__Exercise goal__. Copy the entries that appear below in full, leaving out any picture among them.

[Entries taken from a collection]
+-------+

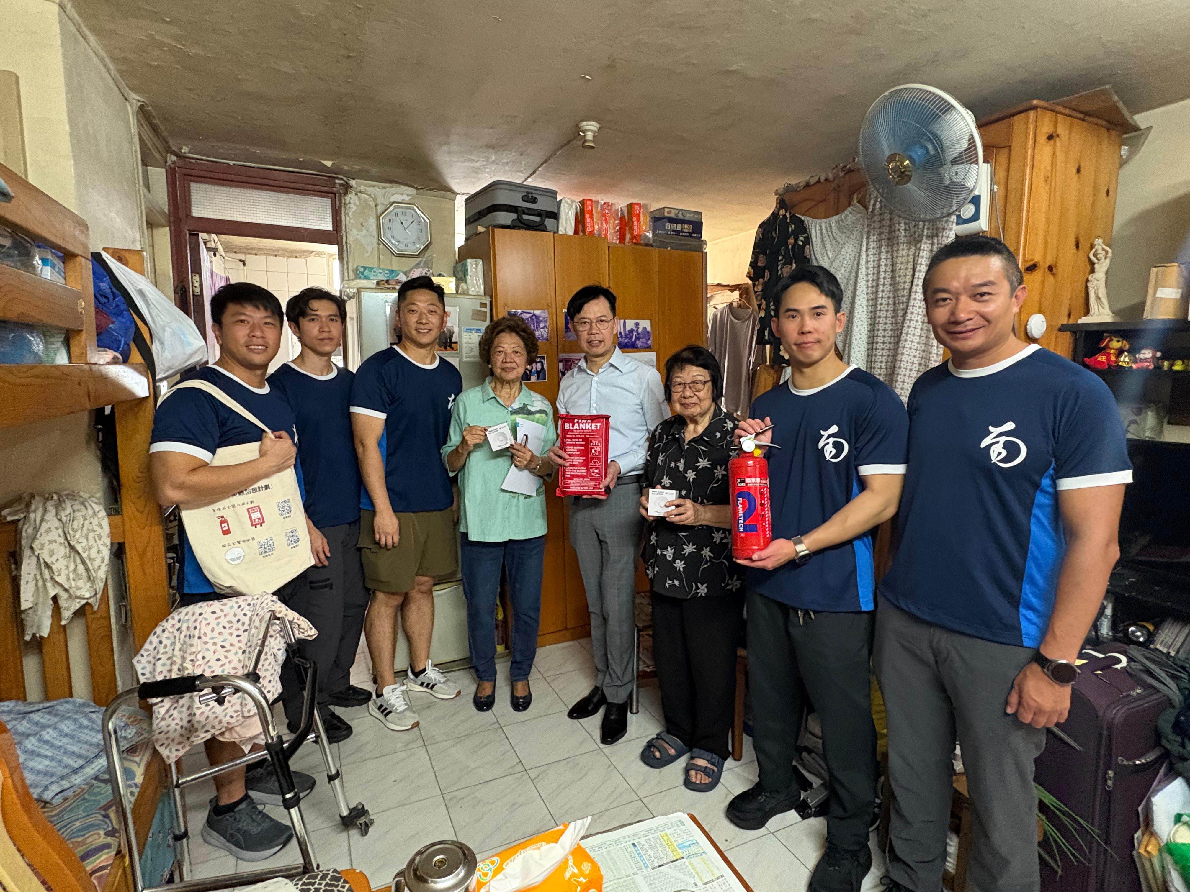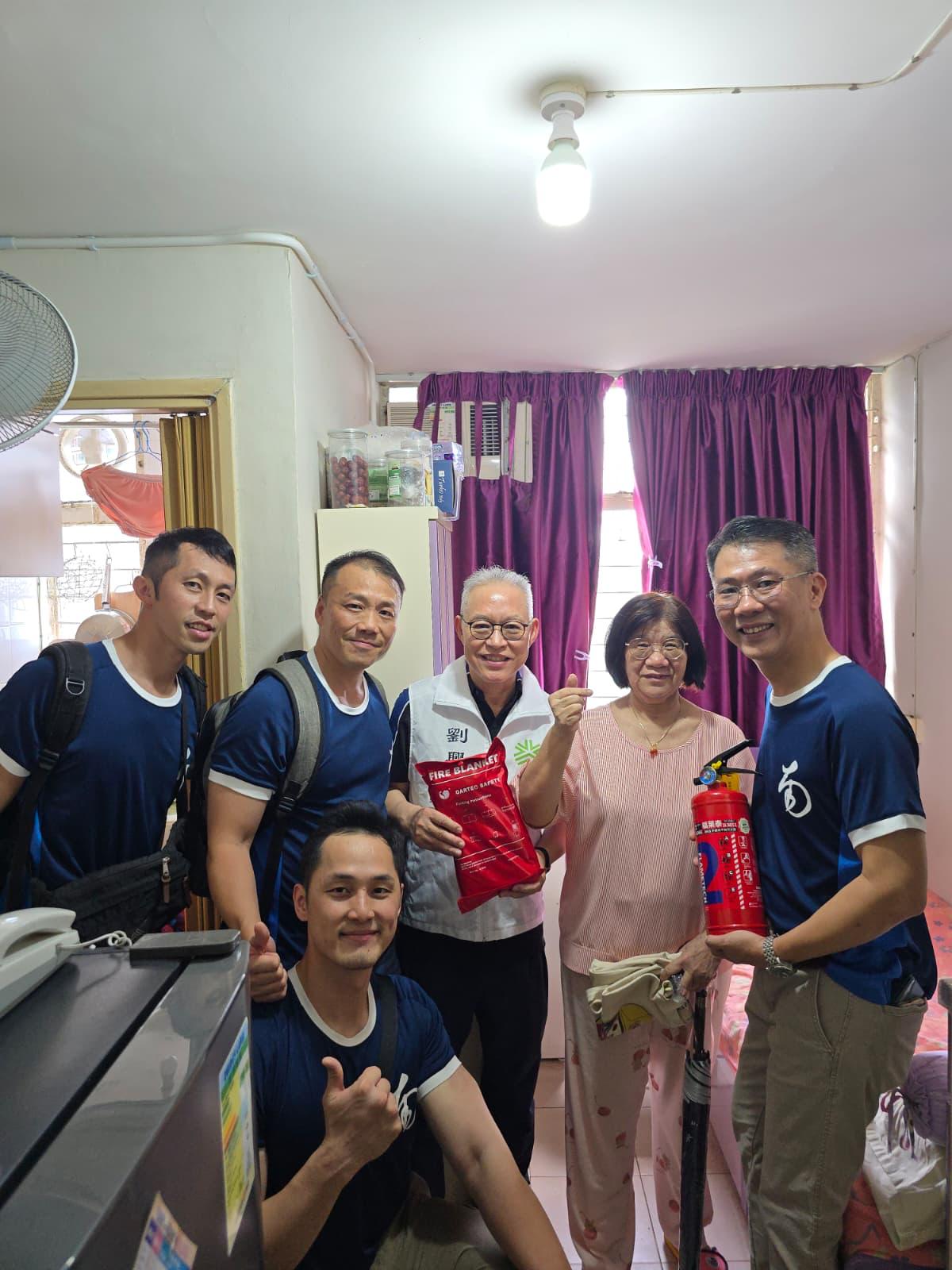 長者家訪活動於2025年8月27日在長安邨順利舉行,由葵青區偉盈小區關愛隊副隊長劉興華先生, BBS, MH, JP及社區應急先鋒名譽會長會(葵青區)名譽顧問譚惠珍女士, BBS, MH陪同參與。是次活動共探訪了10戶長者家庭,並向他們派發了10套「防火三寶」(滅火筒、滅火氈和獨立火警偵測器),以及防火安全宣傳單張,以提升長者的家居防火意識。
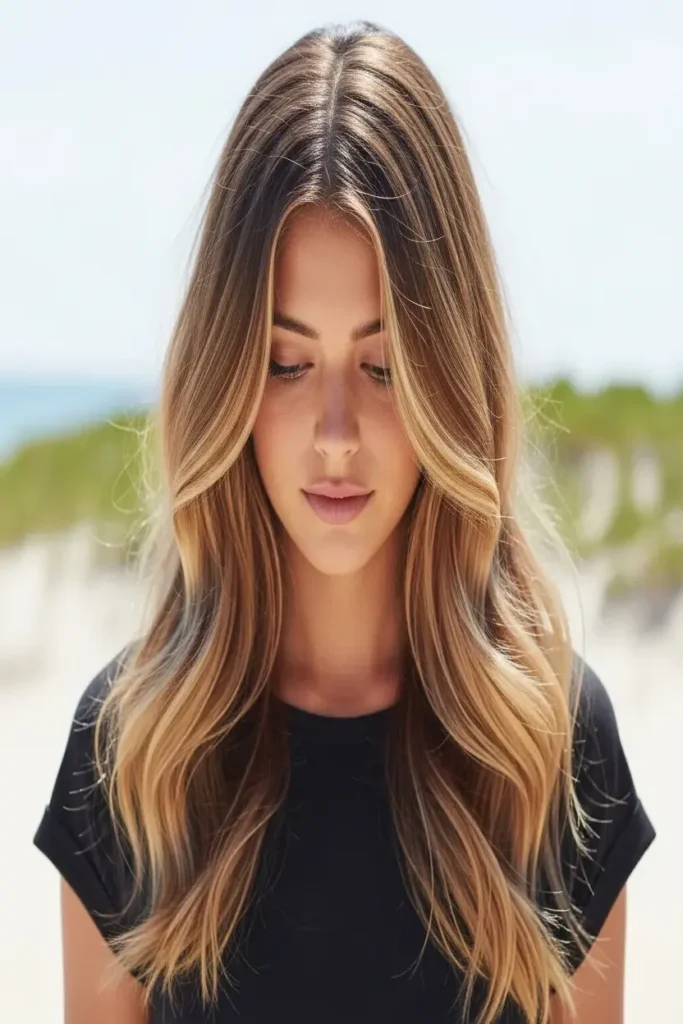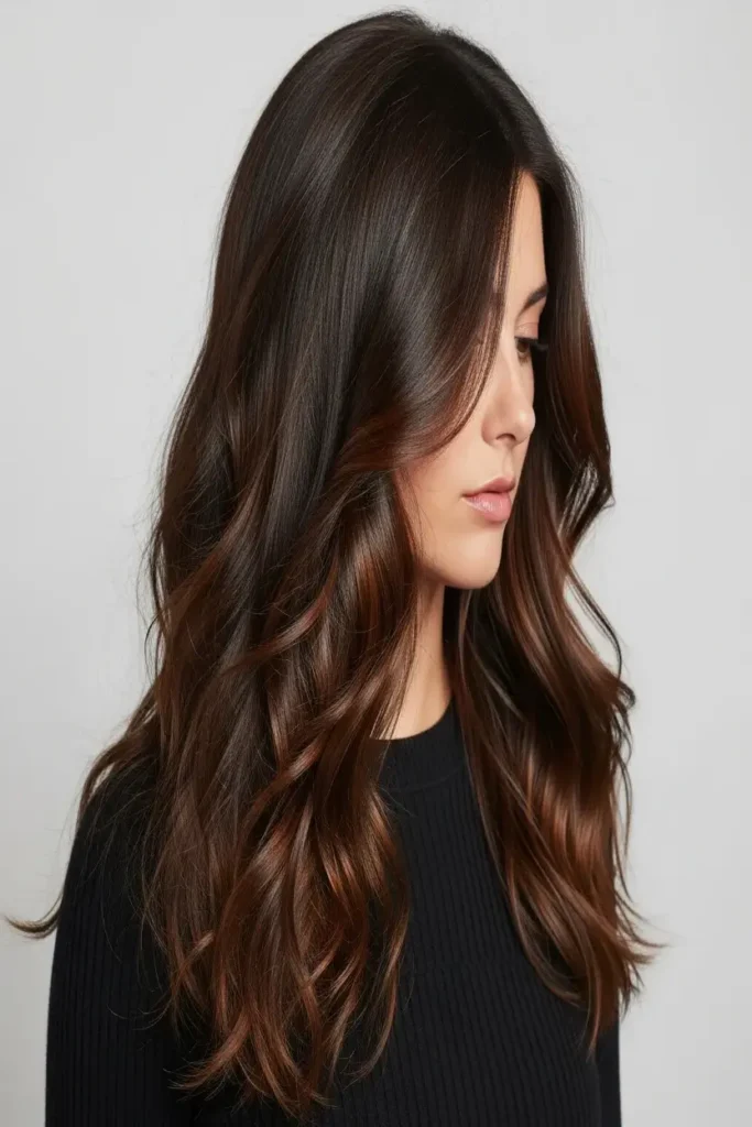 Chestnut balayage combines deep brunette roots with chestnut highlights for a natural, sunlit effect. It’s a versatile and universally flattering choice for women who want warmth and dimension without dramatic upkeep.
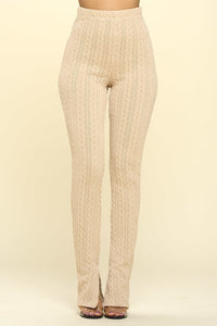 Made In U.S.A S.M.L Solid. Knit. High Rise. Leggings. Slit Hem 96% Polyester 4% Spandex Oatmeal WIN
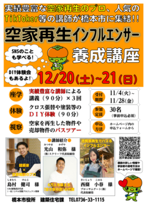 実績豊富な空家再生のプロ、人気のTikToker等の講師が橋本市に集結!!
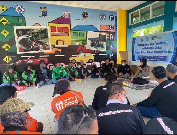Lebih kurang 50 pengendara mitra Ojol diajak berdiskusi dalam sosialisasi yang dibuka langsung Direktur Lalu Lintas Polda Kalsel, Kombes Pol Maesa Soegriwo
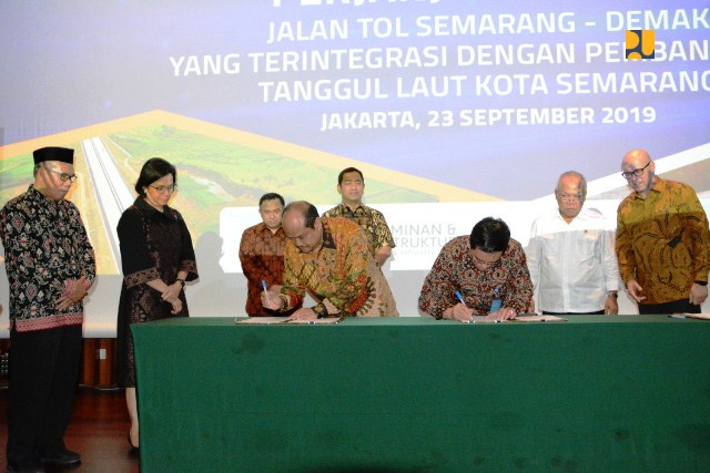 “Beberapa bulan lalu Tol Trans Jawa diresmikan dari Merak sampai dengan Pasuruan dan akan kita teruskan ke Banyuwangi melewati jalur tengah. Hari ini kita mulai pembangunan tol meneruskan dari Semarang ke Surabaya di jalur utara. Pada tahap awal kita bangun Semarang-Demak yang digabungkan dengan tanggul laut sekaligus untuk menanggulangi rob di semarang,” kata Menteri Pekerjaan Umum dan Perumahan Rakyat (PUPR) Basuki Hadimuljono dalam sambutannya pada acara penandatanganan tiga perjanjian yang juga disaksikan oleh Menteri dan Menteri Keuangan Sri Mulyani di Auditorium Kementerian PUPR, Jakarta, Senin, 23/9/2019.

+-------+

__Result below__.
 長者家訪活動於2025年8月27日在長安邨順利舉行,由葵青區偉盈小區關愛隊副隊長劉興華先生, BBS, MH, JP及社區應急先鋒名譽會長會(葵青區)名譽顧問譚惠珍女士, BBS, MH陪同參與。是次活動共探訪了10戶長者家庭,並向他們派發了10套「防火三寶」(滅火筒、滅火氈和獨立火警偵測器),以及防火安全宣傳單張,以提升長者的家居防火意識。
 Chestnut balayage combines deep brunette roots with chestnut highlights for a natural, sunlit effect. It’s a versatile and universally flattering choice for women who want warmth and dimension without dramatic upkeep.
 Made In U.S.A S.M.L Solid. Knit. High Rise. Leggings. Slit Hem 96% Polyester 4% Spandex Oatmeal WIN
 実績豊富な空家再生のプロ、人気のTikToker等の講師が橋本市に集結!!
Lebih kurang 50 pengendara mitra Ojol diajak berdiskusi dalam sosialisasi yang dibuka langsung Direktur Lalu Lintas Polda Kalsel, Kombes Pol Maesa Soegriwo
 “Beberapa bulan lalu Tol Trans Jawa diresmikan dari Merak sampai dengan Pasuruan dan akan kita teruskan ke Banyuwangi melewati jalur tengah. Hari ini kita mulai pembangunan tol meneruskan dari Semarang ke Surabaya di jalur utara. Pada tahap awal kita bangun Semarang-Demak yang digabungkan dengan tanggul laut sekaligus untuk menanggulangi rob di semarang,” kata Menteri Pekerjaan Umum dan Perumahan Rakyat (PUPR) Basuki Hadimuljono dalam sambutannya pada acara penandatanganan tiga perjanjian yang juga disaksikan oleh Menteri dan Menteri Keuangan Sri Mulyani di Auditorium Kementerian PUPR, Jakarta, Senin, 23/9/2019.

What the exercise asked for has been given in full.